Research Highlights
Thermal conductivity of glasses: first-principles theory and applications
Predicting how glasses conduct heat has proved to be a challenge for computational materials scientists, and yet it is of fundamental importance in many sectors. Microelectronics, construction, aerospace, optics and several other industries depend on making sure that glass materials behave as desired in various thermal conditions – be it freezing cold or scorching heat. So far, though, the simulation of these phenomena has proved very costly from a computational point of view, because it requires to model thousands of atoms simultaneously while failing to capture the full complexity of how heat propagates in glasses.
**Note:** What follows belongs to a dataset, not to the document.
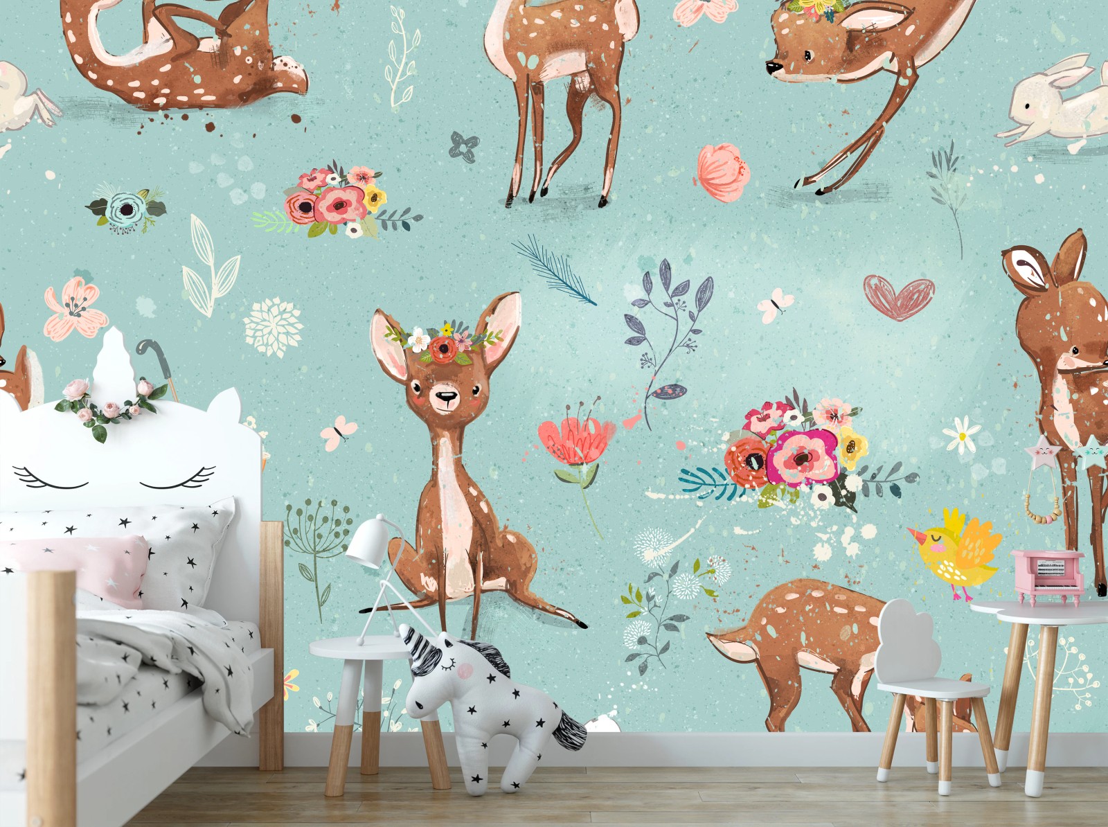 Fototapeta Pastelowy wzór leśnych sarenek i królików

This work addresses the long-standing problem of predicting from first principles (i.e., without relying on any empirical parameter) the thermal conductivity of glasses. Specifically, the article presents a protocol that combines the Wigner formulation of thermal transport with computational techniques that allow to simulate glasses with quantum accuracy and at a computational cost reduced of several orders of magnitude compared to previous methods. Importantly, this work also sheds light on how the macroscopic thermal conductivity of glasses originates from the microscopic interplay between structural disorder, anharmonicity, and quantum Bose-Einstein statistics of vibrations.
The protocol has been used to calculate the properties on vitreous silica, an archetypal glassy material that has many commercial applications because of its resistance to heat and its refraction properties. Very recent studies have employed this protocol to investigate the physics of the thermal properties of amorphous alumina and gallium oxide gallium oxide, materials which play a crucial role in the thermal management of electronic devices.
This study opens new doors for optimizing and comprehending the behavior of glassy thermal insulators and promises to drive advancements across various industries.
Thermal conductivity of glasses: first-principles theory and applications npj Comput. Mater. 9 106 (2023)